8 Steps to Better Major Gifts Fundraising

Martha Schumacher, CFRE of Hazen, Inc. is one of the most authentic fundraisers I have ever met. I have had the opportunity to learn in two of her sessions through the Association of Fundraising Professionals and I always take away a new idea I can implement in my one-person development shop immediately. Here are 8 awesome tips I learned about major gifts at a recent session with Martha, straight from the mouth of the AFP/DC 2006 Outstanding Professional Fundraiser of the Year:

  1. Diversification of revenue sources is a myth – instead you should be building on the fundraising areas in which you’ve been most successful. Play to your strengths by building on the successes you’ve already had. For example, if you currently raise 80% of your annual revenues from foundations, make sure to continue focusing your core energies there. Don’t get so focused on diversifying that you forget to put enough resources (human and $) into what is already working well.

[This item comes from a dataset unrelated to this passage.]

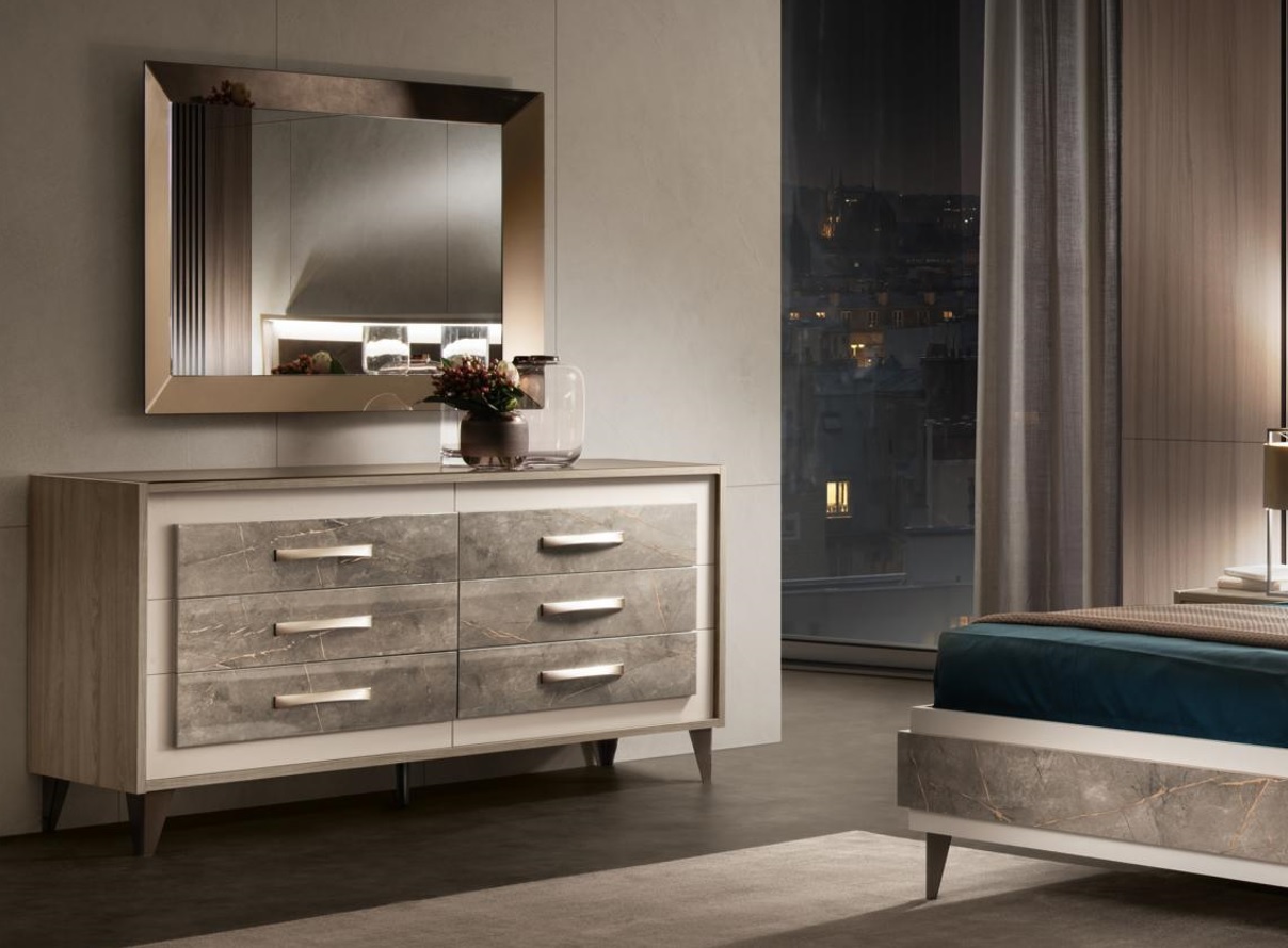 Guļamistabas komplekts ar divguļamā gulta 2 nakts plaukts komoda spogulis arredoclassic 5 gab. komplekts

  2. Put major gifts activities (making calls, writing personal notes, etc.) on your and your CEO’s schedule every week.
  3. Develop a major gifts calendar – even if it’s for one year or less – so that you can fundraise more proactively.
  4. Ask your donors for multi-year pledges for general support to build capacity and ensure/insure your organization’s future.
  5. Spend the bulk of your time on stewarding/upgrading your current top donors.
  6. Schedule as many face-to-face visits as possible, and each of those visits should ideally be with two organizational reps (i.e. a board member and CEO, development director and CEO, etc.). Which two people will go should be decided on a case-by-case basis depending upon individual connections with the donor.
  7. Focus on donors who are truly committed to your mission. They will be your long-term major donors and ultimately planned giving donors.
  8. Every fundraiser should read The Millionaire Next Door by Thomas Stanley and William Danko.

Thinking maybe you need to hire Martha to help you with your fundraising strategy? Contact her at hazeninc@earthlink.net.

  • Anonymous

    As a grant writer/fundraiser what I find lacking from this advice is doing the work and having the impact. Focus on fundraising should come after using the $ to achieve the goals and objectives and stay true to the mission. This may not be a problem in institutions such as hospitals, museums etc. but it is for small, communtiy-based organizations. Any thoguhts?

  • Rosetta Thurman

    Good point, anonymous! Fundraising is certainly no good just for fundraising sake. I have been asked many times by funders to show my nonprofit’s impact before they would even let us apply for a new grant, so that piece is really important. I agree that none of Martha’s advice will work if your organization’s goals and objectives are not being achieved, especially with major gifts. My view is that small, community-based organizations should not seek to grow,through major gifts or otherwise, unless they have some measurable success to point to that they can build upon with the new grant money. And for the most part, nonprofits that grow without this consideration are not being true to their mission.